If Jon and Kate can find ways to move on from their respective difficulties, life on the mountain will take on a different tone. And, a welcome one. In neither case is a positive outcome assured, but in my view both of them may have altered the direction of their lives. This week. Wow.

Yesterday evening I drove in to Swigert Elementary for Gabe’s 5th grade concert. The drive in is always an ordeal because Stapleton, the new urban neighborhood built on the grounds of the former Stapleton Airport, is all the way across metro Denver from the foothills. The concerts are at 6:00 pm which means driving on city streets during the height of rush hour. Big fun.

But, I made it just as the 5th graders filed into the gym and mounted the stage like scaffolding. After a drive of an hour and twenty minutes. Whew.
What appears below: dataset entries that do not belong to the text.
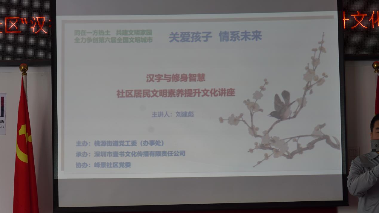 11月8日下午,該項目首場講座在峰景社區(qū)工作站拉開了序幕,本次講座由桃源街道黨工委(辦事處)主辦、深圳市壹書文化傳播有限責任公司承辦、峰景社區(qū)黨委協(xié)辦,邀請到壹讀書會創(chuàng)始人、知名閱讀推廣人、《漢字與修身智慧》的作者劉建彪擔任主講嘉賓。在深圳爭創(chuàng)全國文明城市的當下,桃源街道辦積極響應市委市政府的號召,不斷探索籌劃、推陳出新,以“‘同在一方熱土共建文明家園’——全力爭創(chuàng)第六屆全國文明城市”為文明創(chuàng)建標語,開展題為“學習漢字與修身智慧,以傳統(tǒng)文化力量促文明”的文化講座,為創(chuàng)建文明城市貢獻一份力量。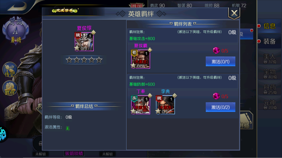 激活角色羁绊【如:夏侯惇与夏侯霸、李典的羁绊】,快速提升基础攻击与防御,增强武将实战能力。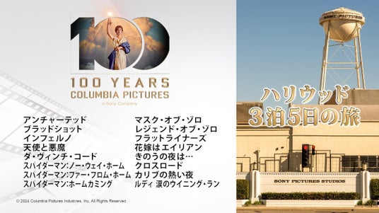 コロンビア・ピクチャーズ100周年を記念して、ザ・シネマではロサンゼルスのソニー・ピクチャーズ・スタジオをレポートする特派員1組2名様を大募集!4つ星ホテル宿泊、スタジオツアー、レストランでのディナー、ロサンゼルス一日観光など大充実の旅行!

I was there not only for Gabe, but for Jon who was prevented from going by a more restrictive version of the restraining order generated during his court hearing on Tuesday. I found a front row seat and Gabe saw me right away. They sang four songs, beginning with Bob Marley’s, “Don’t Worry, Be Happy.” Given the new information I had the song went right into my heart.

The third song, the name of which I don’t recall right now, involved twenty fifth graders coming out front to do a short dance piece from the musical Hairspray. Swigert will put on Hairspray in the spring. They danced and in their movements, their eagerness, their smiles radiated the innocence, the possibility of childhood.

It was a surprisingly powerful moment for me as was the thought that came as I watched. “We’ve failed these kids.” Though that sentiment is true of all generations to some extent, the world we hope for for our kids is not the one we’ve created, in this case I meant it literally and profoundly. Climate change. These kids, 5th graders, are ten years old. If they live a normal life expectancy, let’s say 80 years for convenience, they will be alive in 2088. Here’s the problem in a single for instance: “Most cities might be too hot to host the summer Olympic Games after 2085 because of climate change, according to an analysis in The Lancet1.” Nature

This is what we’ve done, allowed to happen. They will, of course, be responsible for how they handle the challenges we’ve left them. Maybe they’ll do really well at adaptation and mitigation. Maybe not. In either case their world and ours will be so different as to be almost unrecognizable. We should all bow our heads in shame.